Climate Change Affected North American Fauna Over Millenia

The rise and fall of climate change over the past 65 million years has had a continuing effect on the fauna of the North American continent, according to a new study which identified six distinct waves of mammals, known as “evolutionary fauna.”

“Although we’ve always known in a general way that mammals respond to climatic change over time, there has been controversy as to whether this can be demonstrated in a quantitative fashion,” said Brown University evolutionary biology Professor Christine Janis. “We show that the rise and fall of these faunas is indeed correlated with climatic change – the rise or fall of global paleotemperatures – and also influenced by other more local perturbations such as immigration events.”

Janis and her colleagues described their findings online this week in the journal Proceedings of the National Academy of Sciences, showing that four waves of species diversity showed statistically significant correlations with major changes in temperature, while the remaining two – though weaker – still showed some correlation, but also corresponded to an influx of mammals from other continents.

The authors of the study found in their research six distinct and consecutive groups of mammal species that shared a common rise, peak, and decline in their numbers.

One example is the “Paleocene fauna,” which had largely disappeared, making way for the “early-middle Eocene fauna” by approximately 50 million years ago.
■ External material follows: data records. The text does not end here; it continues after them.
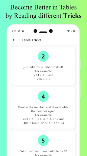 This app has multiplication tricks for the table from 2 to 20, you can also refer to these tricks to learn math tables 11 to 20. Math tables is a great way to help teach kids classic multiplication tables.
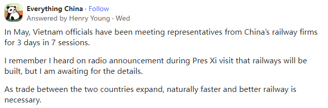 来源:https://www.quora.com/Will-China-and-Vietnam-cooperate-in-building-railways-after-the-Chinese-presidents-visit
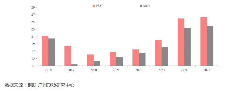 依据上海钢联、广州期货提供的数据,国内能繁母猪PSY(即每头母猪每年能提供的断奶仔猪数量)从2020年的16.1增长到2026年的26.34,增幅超过六成。
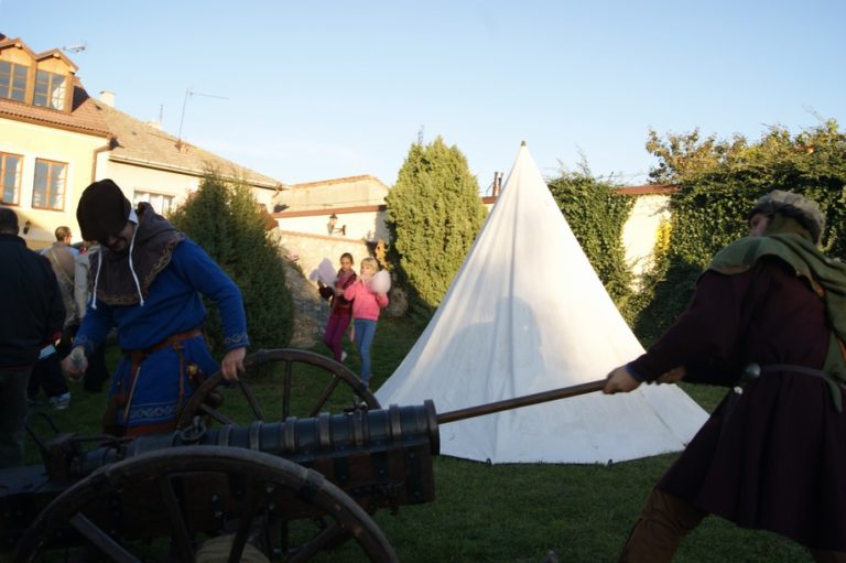 To už kúriu obsadilo spoločenstvo Bludných rytierov. Na nádvorí si rozbili stredoveký tábor s dobovou kuchyňou, remeselníkmi i delostreleckou jednotkou. Ženy piekli posúchy, ktoré potierala Zdenka Kosorová slaninkou na cibuľke či akýmsi lekvárom. „To sú sušené slivky s hrozienkami vyvarené v červenom víne, dochutené škoricou, muškátovým orechom, medom a šafránom,“ vysvetlila nám táto bludná rytierka.
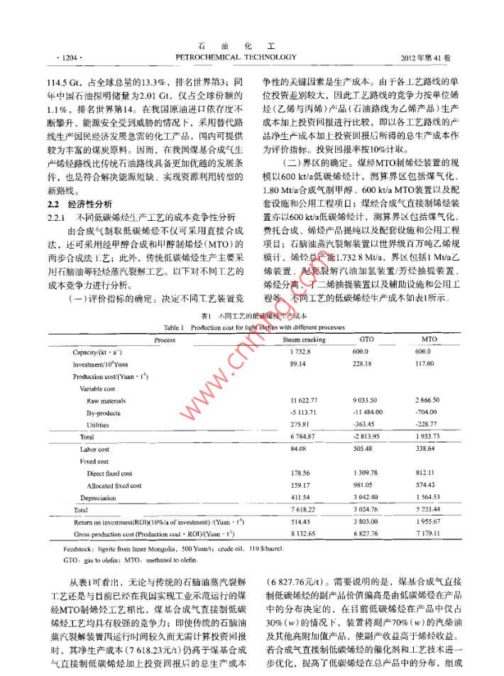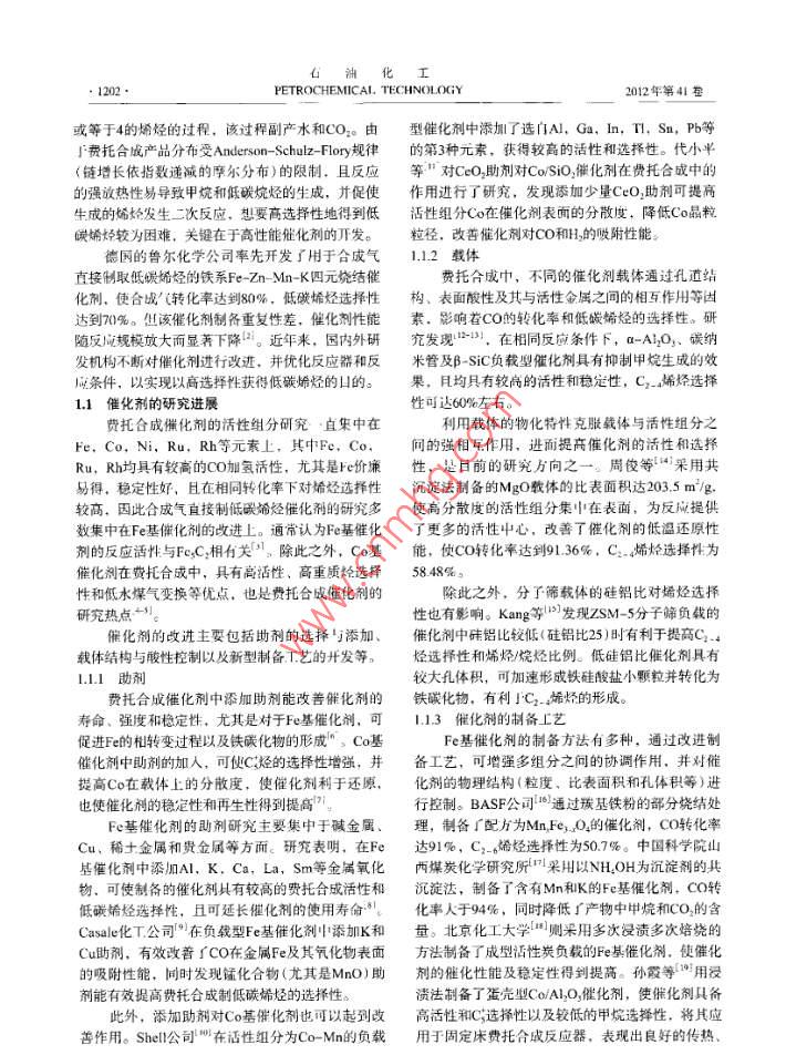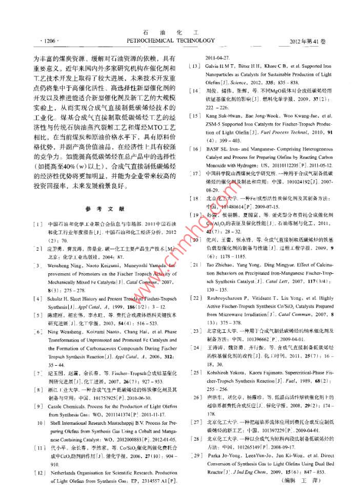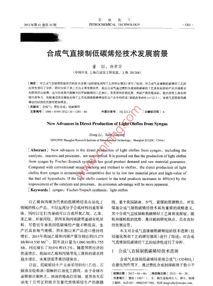 石油比工2012年第41卷第10期PEIROCHEMICAL TECHNOLOGY●1201 .合成氣直接制低碳烯烴技術(shù)發(fā)展前景董麗,楊學萍(中國石化上海石油化工研究院,上海201208)[摘要]對合收氣古按制低碳勢烴的技術(shù)進展(包括任化制和T藝的研究情況)進行廣綜述;對合成氣白接制低碳制烴工藝的經(jīng)濟性進行了分析,同時分析了該工藝的本來發(fā)展前景。撕出合成氣通過費托合成制飯?zhí)枷《蘐藝具有較好的產(chǎn)品市場需求和原料供應(yīng)保障,且與傳繞蒸汽裂解和經(jīng)甲解制烯烴工藝相比,具有原料價格優(yōu)勢,并副產(chǎn)高價值鈾品。在經(jīng)濟性上具有較強的競爭力。如能通過改進雅化劑和T藝優(yōu)化揭高低碳場烴在總產(chǎn)品中的組成(如提高至40%(w)以上.),合成氣直接制低碳墻烴的經(jīng)濟性優(yōu)勢將更加明顯。[關(guān)鍵聞”合成氣;費托合成;低堿瑞烴” 文章編號] 1000- 8144(2012) 10- 1201 - 06中圈分類號: TQ 2212[文獻標識碼] ANew Advances in Direct Production of Light Olefins from SyngasDong Li,Yung Xueping(SINOPEC Shangboi Research lsite of Ptrochemical Tecnolougy. Shenghai 201208,Ching )[ Abstract ] New advances in the direet production of light olefins from syngas, including thecatalysts, reactors and processes, are summarized. It is pointed out that the production of light olefinsfrom syngas by Fischer- Tropsch synthesis has good product demand and raw material guarantee.Compared with conventional steam cracking and methaol to olefins, the direct production of lightolefins from syngas is economically competitive due to is low raw material price and high-value ofthe fuel oil byproducts. If the light olefin content in the total products increases to 409%(W) by theimprovement of the catalysts and processes. its economic advantage will be more apparent.[ Keywords ] syngas; Fischer Tropsch synthesis; light olefins以憶烯和丙烯為代表的低碳烯烴是石油化r線?;谖覈庇?、少氣、富煤的資源特點,開發(fā)領(lǐng)域的核心產(chǎn)品,不僅是高分子合成材料的重要單煤基合成氣制低碳烯烴技術(shù)具有重要的戰(zhàn)略意義,體,同時以它們?yōu)榛A(chǔ)可以合成環(huán)氧乙烷、乙苯、其中合成氣直接制取低碳烯烴工藝具有流程短、能苯乙烯、環(huán)氧丙燒、異丙苯和丙烯情等基礎(chǔ)有機原耗和煤耗低的優(yōu)勢,是月前的研究熱點,具有良好料。盡管近年來我國低碳烯烴產(chǎn)能不斷提高,生的發(fā)展前景。產(chǎn)已具有相當規(guī)模,但長期以來產(chǎn)品進口量持續(xù)本文對合成氣直接制低磯烯烴的技術(shù)進展(包增長。201 1年我國乙烯和丙烯產(chǎn)量分別達到15.275括催化劑和T藝的研究情況)進行了綜述;對合成Mt和14.530 Mit',同年進口量為1.060 Mt和1.755氣直接制低碳烯烴T.藝的經(jīng)濟性進行了分析。Mt.同比增長了30.0%和15.2%。隨著閑民經(jīng)濟的1合成氣直接制 低碳烯烴技術(shù)進展快速增長.我國對乙烯和丙烯等化1.原料的需求將穩(wěn)步增長,未來供需矛盾仍很突出。合成氣直接制低碳烯烴是指合成氣(CO和H2)日前,低碳烯烴牛產(chǎn)主要采用輕烴(乙烷、石在催化劑作用下,通過費托合成制得碳原子數(shù)小于腦油及輕柴油)裂解的石油化工路線。由于全球石[收稿日期」2012-04-06; i修改稿日期] 2012-06-28。油資源日漸貴乏,原油價格高位徘徊,世界各大石.作者簡介}重麗(1987-).女,湖北省隨州市人,傾+.助理油化T公司正積極開發(fā)替代傳統(tǒng)烯烴生產(chǎn)的新路工程師,電話021 - 68462197.7502,電郵dongl shy@sinopec. com。第10期.董麗等.合成氣直接制低碳烯烴技術(shù)發(fā)展前景導(dǎo)熱性能,減少飛溫的可能性。流化床費托合成中試裝置,采用Fe基催化劑,在,催化劑的焙燒過程與焙燒溫度對活性組分的300~ 400 C.2.0~ 5.0 MPa下操作。該裝置連續(xù)滿顆粒尺寸及其在催化劑中的分布情況有直接影響。負荷運行1 580h,裝置溫度控制穩(wěn)定,催化劑在線沈興等20發(fā)現(xiàn)FeK/ZMS -5催化劑經(jīng)500 C焙燒3 h排放和添加操作自如。費托反應(yīng)的合成氣轉(zhuǎn)化率大后具有最佳的催化活性。但對低碳烯烴的選擇性影于82%,產(chǎn)物中含大量烯烴,進一步提純后可生產(chǎn)響不明顯。Tao等[則認為提高焙燒溫度和加熱速乙烯、丙烯和丁烯等低碳烯烴。率可降低Fe- -Mn催化劑的比表面積,提高低碳烯烴Kohshiroh等[25)于 1989年首次在固定床反應(yīng)器與C;產(chǎn)物的選擇性;另外,在氬氣中焙燒可改善催上將超臨界介質(zhì)應(yīng)用到Co基催化劑的費托合成反化劑積碳情況,并提高反應(yīng)活性。Reubroycharoen應(yīng)中,發(fā)現(xiàn)在提高CO轉(zhuǎn)化率和抑制甲烷轉(zhuǎn)化方面等221發(fā)現(xiàn)用微波法處理Co/SiO,催化劑前體可避免均得到明顯改善。此后,國內(nèi)外研究學者紛紛對超催化劑表面的Co粒子燒結(jié),使其具有更加均- -的臨界技術(shù)在費托合成中的應(yīng)用展開了研究。唐浩粒徑和較高的分散度,提高反應(yīng)活性。東等32)考察了多種超臨界介質(zhì)下的費托合成反應(yīng),超細顆粒技術(shù)、超臨界流體技術(shù)以及微波輻認為C3.正構(gòu)烷烴在催化劑活性溫度下都是適宜熔射技術(shù)也被應(yīng)用到催化劑的制備過程中,用來提鐵催化劑的超臨界介質(zhì),具備較好的傳質(zhì)與傳熱性高催化劑的合成效率,并改善催化劑的物化性能。能,可改善費托合成反應(yīng)性能。北京化工大學(2])北京化工大學2]采用超臨界流體組合技術(s
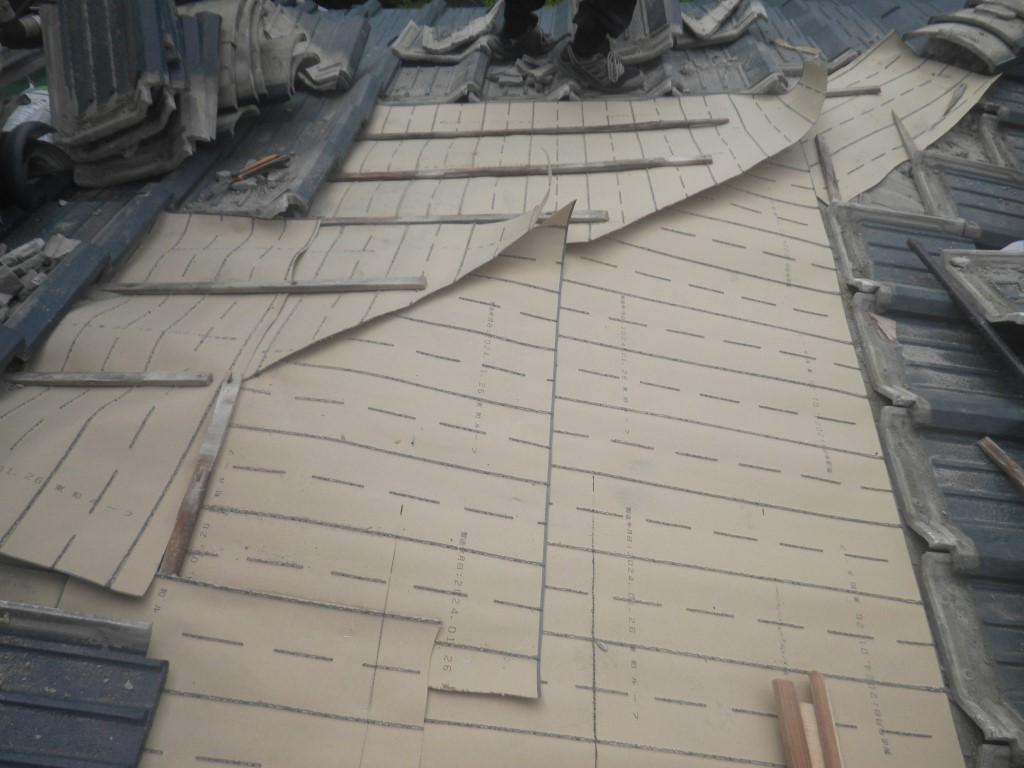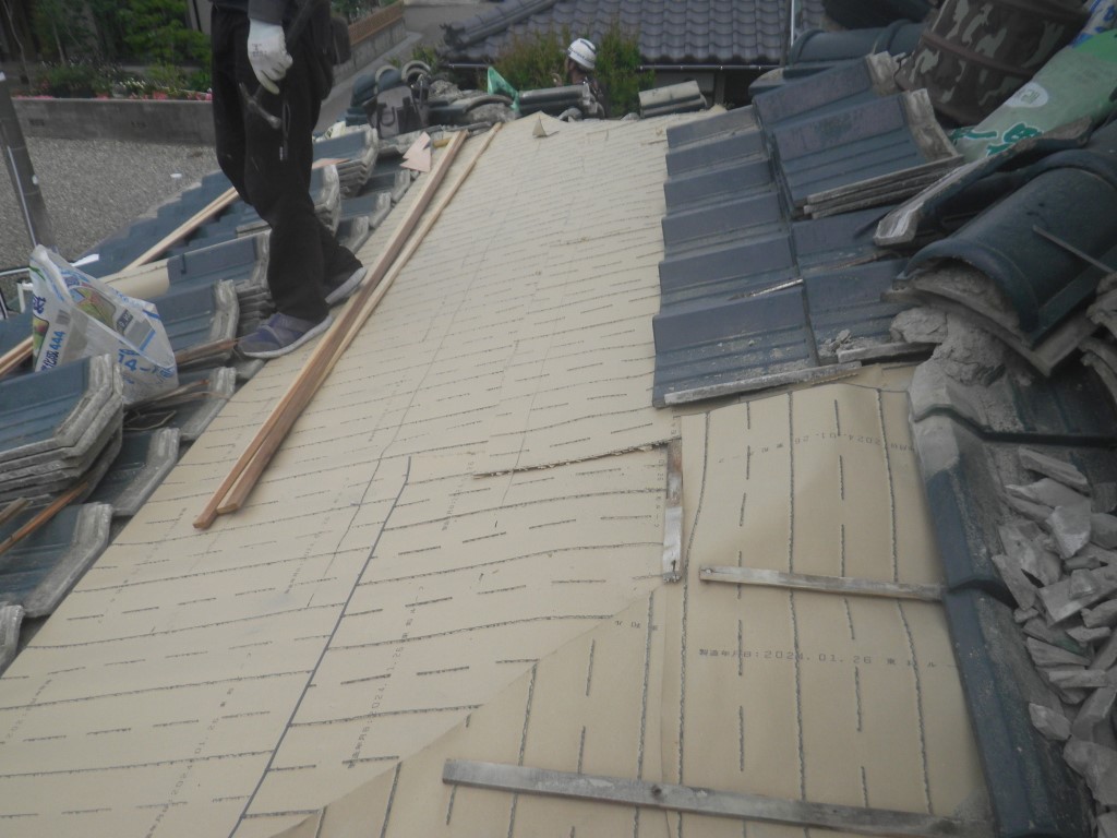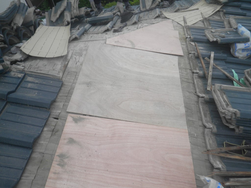 この部分の雨漏りの原因は 瓦そのものではなく、屋根の不陸が主因ですので まずは耐水性のベニヤを貼って野地の不陸を修正します。
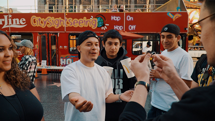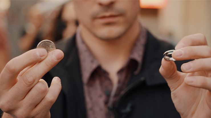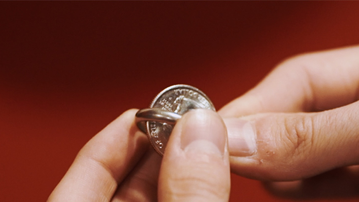 With just a little imagination, the performer defies physics and visually pushes the coin through the ring directly in front of the spectators' faces!
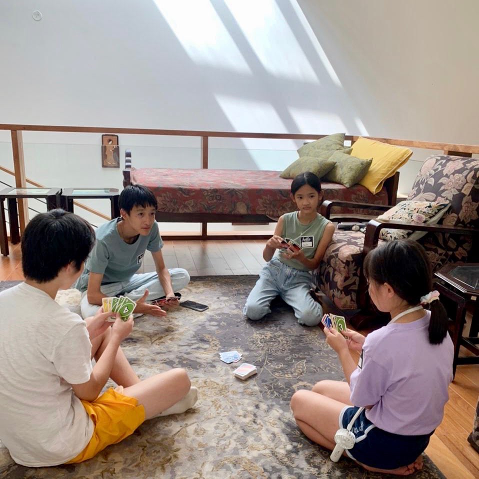 更には今回、広大な庭を活用してもらうべく、スポーツ道具を持参してもらっていた。アメフトの指導・実技に始まり、バスケットボールにバドミントン、果てはかくれんぼに鬼ごっこと、子供たち&一部大人は、ウギャウギャと叫びながら、走り回りながら、汗だくになって遊んでいた。
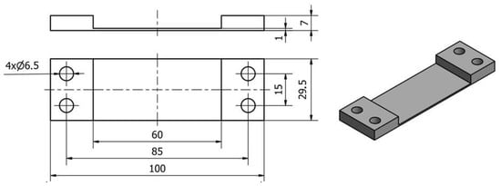 We worked with thin-walled samples in the horizontal orientation. A horizontal wall of 1.0 mm thickness was made across the entire width of each sample (equal to 29.5 mm) and the length of 60.0 mm; see Figure 1. An 8 mm thick sheet of metal was used for the samples, which was ground (on both sides) to a dimension of 7.0 mm using a SGA3063AHD surface grinder manufactured in Poland by the company Jazon (Białystok, Poland). Then, 30 × 101 cubes were cut using a WaterJet HWE-P 1520 machine tool supplied by the German company H. G. Ridder Automatisierungs GmbH (Hamm, Germany). In the final step, the bar was milled to a dimension of 29.5 × 100 mm and mounting holes of ∅6.5 were drilled (for mounting in the adapter) on a DMC 1150 V machine (manufactured and provided by German company DMG Mori (Wernau, Germany)).
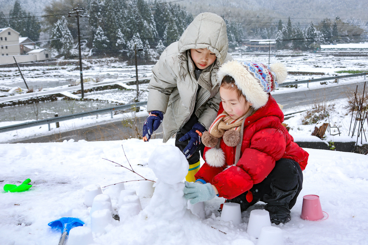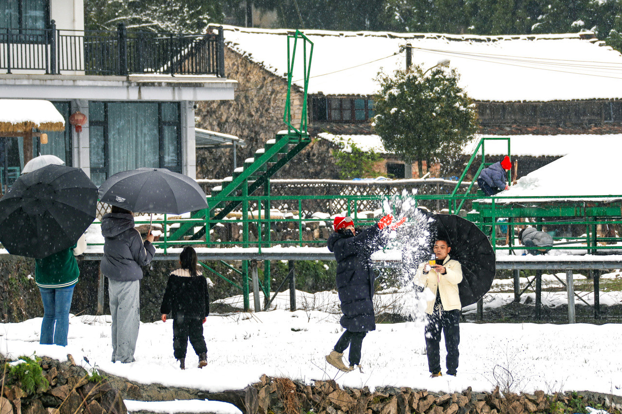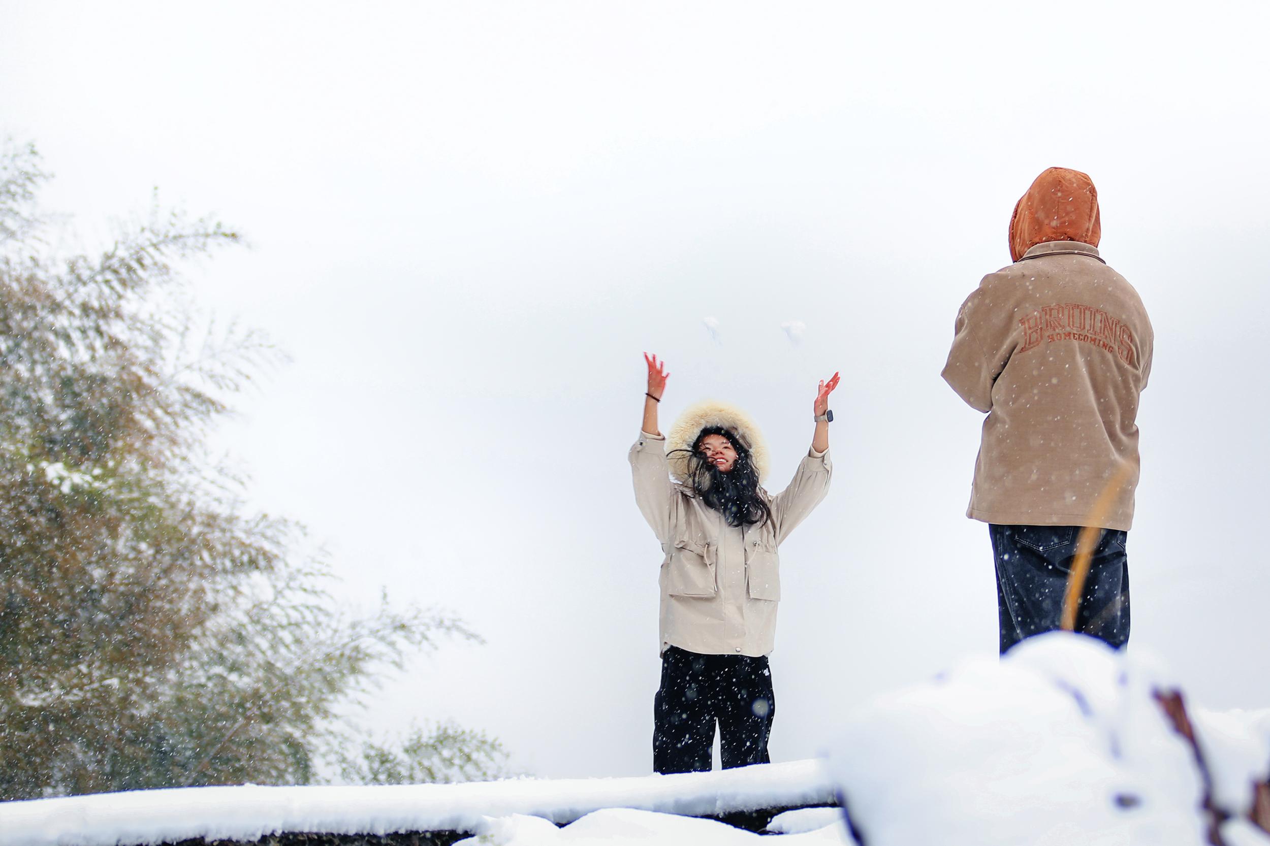 在五凤垟观景台,摄影爱好者李女士拿起相机,镜头里定格朋友们在雪地里嬉笑打闹的美好时光。(作者:陈明铭)
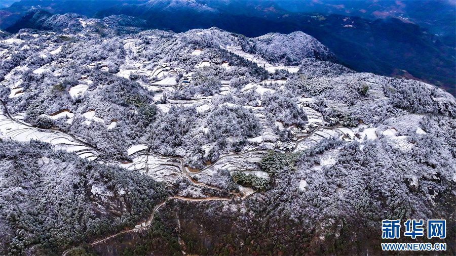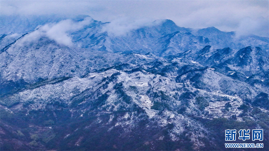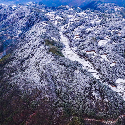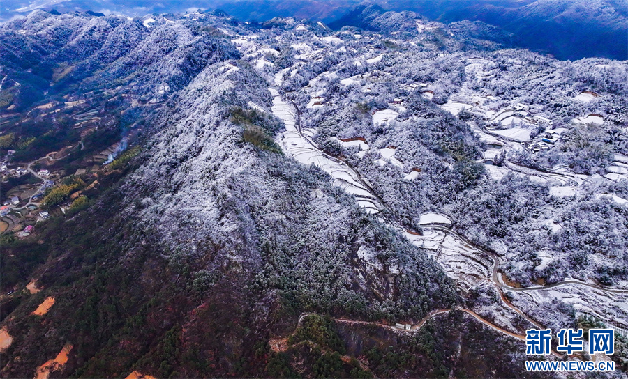 近日,安徽省安庆市岳西县境内大别山区迎来降雪天气,海拔600米以上的山区出现积雪景观,与村庄、田野、道路、河流互相映衬,构成一幅幅山区瑞雪图,迎接新春佳节的到来。新华网发(王先国摄)
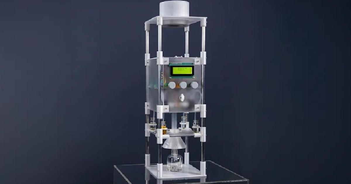 El aparato para hacerlo posible, según describen sus creadores, tiene un aspecto sencillo pero llamativo. Está construido con una estructura de metal y plástico, tiene una pantalla con luz verde neón y tres ruedas giratorias que permiten interactuar con el sistema. En la parte inferior se encuentra un vaso de precipitados para recoger la fragancia final.

On top of that, the transfer of dominance correlated with temperature shifts.

Not only do the numbers add up, but the story behind the numbers makes sense as well. One example shows a change after a warming episode some 20 million years ago in the early Miocene epoch which changed the dominant vegetation from woodland to savannah-like grasslands. As a result, it is no surprise that many of the herbivores that made up the “Miocene fauna” had high-crowned teeth that would allow them to eat the foods provided by the savannah-like environment.

A study such as this does not allow for future predictions, said Janis, but it does make clear that climate change has had an impact on fauna previously.

“Such perturbations, related to anthropogenic climatic change, are currently challenging the fauna of the world today, emphasizing the importance of the fossil record for our understanding of how past events affected the history of faunal diversification and extinction, and hence how future climactic changes may continue to influence life on earth,” the authors wrote in the paper.